Puisque la collection est présente dans des lieux publics et des édifices municipaux, les interventions autour, ou sur les œuvres exigent souvent une collaboration ponctuelle entre divers services de la Ville, des artistes et des experts : architectes, ingénieurs, évaluateurs, restaurateurs, historiens de l’art, etc. Ces opérations sont souvent complexes mais essentielles au point qu’en 2007 la Ville s’est engagée dans un programme de conservation préventive triennale avec le Centre de conservation du Québec. Depuis, toutes les œuvres de la collection ont été examinées par des experts en restauration-conservation, et des lignes directrices sur leur entretien ont été tracées pour répondre spécifiquement à leurs besoins. Le projet a été complété en 2010 et Sherbrooke compte parmi les villes pionnières en matière de conservation d’art public à grande échelle. Dans la mesure où la Ville poursuit sa volonté de développer le volet culturel et touristique local, la collection continuera de grandir et ces initiatives en assureront la conservation.

Au final, les œuvres d’art public n’ont pas pour seul but d’embellir les lieux : elles nous permettent de côtoyer l’art sous toutes ses formes et de diffuser le travail des artistes québécois et permettre à ceux-ci de collaborer à l’enrichissement de notre cadre de vie par la présence de l’art. La Division de la culture entend faire mieux connaître la collection au grand public dans les prochaines années, des projets sont en gestation aussi restez à l’affût!
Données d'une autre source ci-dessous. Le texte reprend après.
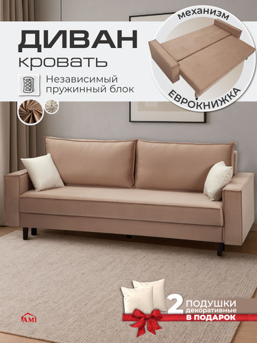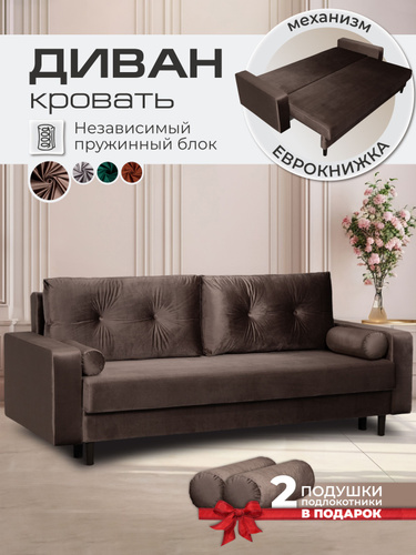 AMI MEBEL Диван раскладной прямой двухспальный в гостиную, диван кровать лофт, механизм еврокнижка, спальное место 148х191,5 см, независимый пружинный блок, бархат коричневый, высокие деревянные ножки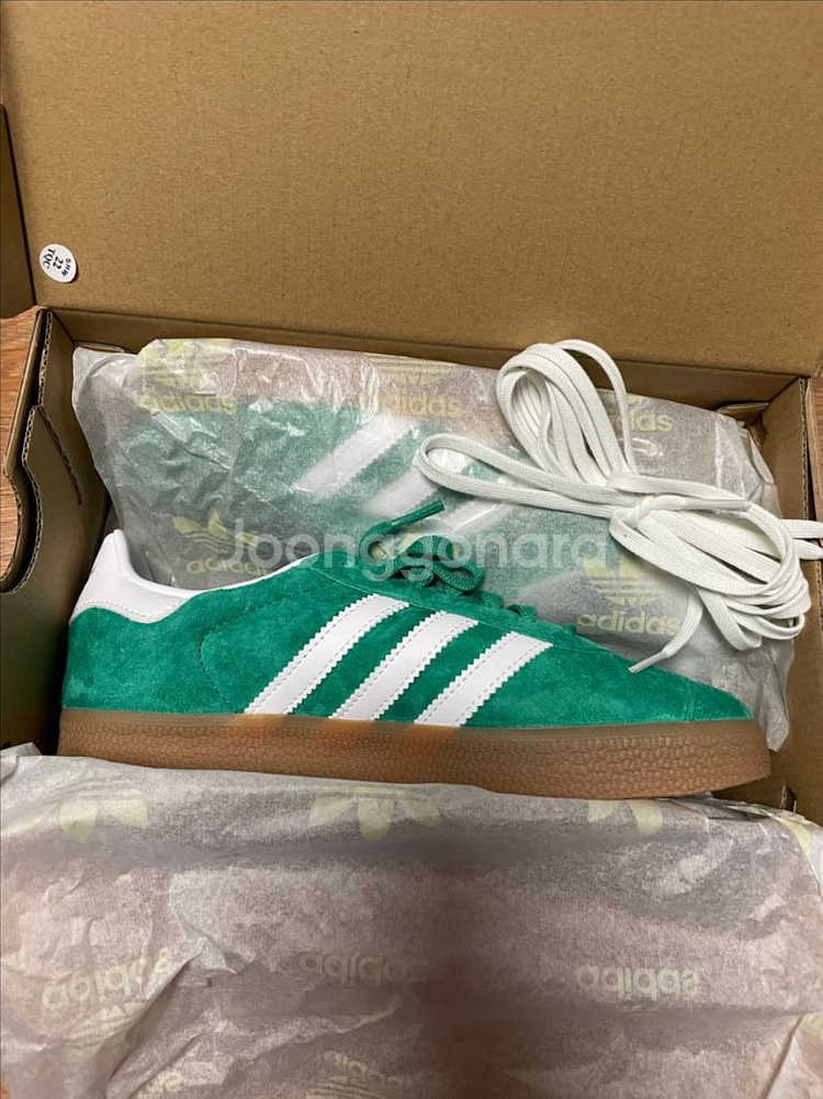 아디다스 가젤 그린 컬러 230사이즈입니다. 박스와 함께 깔끔한 상태로 보관되어 있어요. 클래식한 디자인으로 데일리 착용하기 좋습니다.

En attendant je vous invite à lever la tête quand vous arpentez les rues de la ville car l’art est partout…

Marie-Chantale Poisson est restauratrice d’œuvres d’art spécialisée dans la peinture et l’art contemporain. Faites parvenir vos questions et commentaires à mcp@mcpconservation.com

 


[i] Ces concours sont ouverts à tout artiste dont la résidence principale ou l’atelier est situé en Estrie. Ils sont généralement annoncés dans les journaux de la région et les artistes inscrits au Répertoire culturel de la Ville de Sherbrooke en sont aussi informés par courriel.